A testimony of faith does three things:
- It blesses and encourages other Christians – When we see evidence of God working in other people’s lives, it should encourage us and strengthen us spiritually. That’s what I hope I Am Not the King.
- It provides evidence of God in a way that nonbelievers can easily digest – Rather than preach a sermon, quote Bible verses, or argue philosophy with our non-believing friends, we do them a much better service by sharing how God has worked in our own lives. Personal stories can’t be disputed. Bible facts can. That doesn’t mean we should never quote the Bible or that we can’t use it as a witnessing tool, but personal stories of faith engage people’s imaginations and can touch people where mere facts can’t. I encourage my Christian readers to share my story with their unbelieving friends, particularly if there are common elements between their lives and mine.
- It fulfills the Great Commission – Sharing the gospel message is the church’s foremost mission. There isn’t just one way to do that. Personal testimonies are one way. I share my story with others because I want people to see that coming to faith in Christ does not mean that one becomes perfect overnight. There are struggles, pain points, and many things to unlearn as we walk with the Lord. My story shows a period of growth, along with some spiritual setbacks, which I hope will encourage believers and unbelievers alike so that no one gets the impression that our salvation, redemption, and sanctification are things we can accomplish for ourselves alone. There are many ugly parts to my story, but I Am Not the King ends with the light of Christ and that’s what our witnessing is supposed to show.
I also hope believers and unbelievers alike get the impression that one can believe in Christ without “toeing the party line.” Being a man of ideas, I have spent a lot of time thinking and rethinking precepts that are often taught in church, or that believers have picked up on from the culture and each other, and I Am Not the King illustrates that one can have faith in Christ without following the herd. For example, being an evangelical doesn’t mean one must be a Donald Trump fan or a card-carrying Republican, nor does it mean that one must support every progressive initiative that claims to be in the spirit of the gospel. My story illustrates that God has created us to be individuals without necessitating that we succumb to individualism.
There are countless books on the subject you’ve written on, what is unique about your book? How is it different from all the others?
My book is a personal story of having grown up in a dysfunctional family with a temperamental father. Being the only son and oldest child, I internalized a lot of his rage and entered adulthood angry, broken, and confused. That may not be a unique story, but the first sentence of Leo Tolstoy’s Anna Karenina reads, “Happy families are all alike; every unhappy family is unhappy in its own way.” Someone, probably a psychologist, paraphrased it as, “Healthy families are all alike, but every dysfunctional family is dysfunctional in its own way.” Having grown up in a religiously dysfunctional family, I can attest to that.

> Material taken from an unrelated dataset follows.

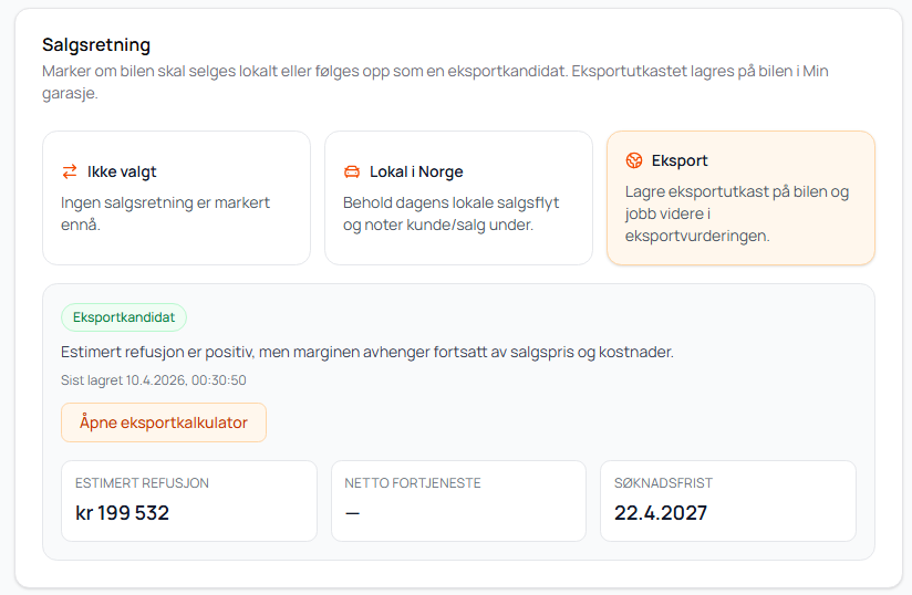 Eksportkalkulatoren samler dette i ett løp. Det gjør det lettere å sortere mellom biler som ser lovende ut, biler som må undersøkes nærmere, og biler som sannsynligvis ikke er verdt tiden.

I Am Not the King is told in three parts with a Prologue and a concluding section titled Reflections.
- Part I covers the period of my childhood. It describes what life was like growing up in a Holiness-Pentecostal fugue with a verbally abusive father and sets the stage for the rest of the story.
- Part 2 covers my young adult years: leaving home, the military, college, my self-aggrandizing bisexualism anti-family sentiments, and the angry young man I had become.This period can best be characterized as a search for meaning in all the wrong places and I dabbled in philosophy, occultism, New Ageism, esotericism, and whatever I could find outside of God until an atheist college professor challenged me to think more deeply about spiritual matters.
- Part 3 covers my life as a Christian and the many struggles I’ve encountered on my way to maturity, including struggles with Christian brothers and sisters, church leadership, job dissatisfactions, and Body of Christ issues.
My story is different than other books of this nature because it is my story. However, I’m not the protagonist. Rather, more of a supporting character.
I call it a “testimony” because a memoir is, by definition, a reflection of a person’s memories during a certain period of their lives. That’s not really what it is. And it’s not a biography because it leaves out a lot of the mundane details one would expect to see in a biography. I wrote I Am Not the King to be a testimony to how God has worked in my life. Therefore, Jesus is the main character, but you often see Him working in the background.
There is another way that the book is different. At the end of each section, there are some discussion questions. I include these because I hope the book will be used by small groups, book groups, home churches, traditional churches, pastors, evangelists, and mature Christians as way to discuss matters of faith and where the cross intersects with our modern lives. In a world where unbelief runs rampant, often between church walls, there is a dire need for transparency and authenticity. I hope the discussion questions allow people to have frank discussions with their friends, believers and unbelievers alike, about the nature of sin, God’s grace, and our need for Jesus. I’ve essentially made my life an open book (pardon the pun).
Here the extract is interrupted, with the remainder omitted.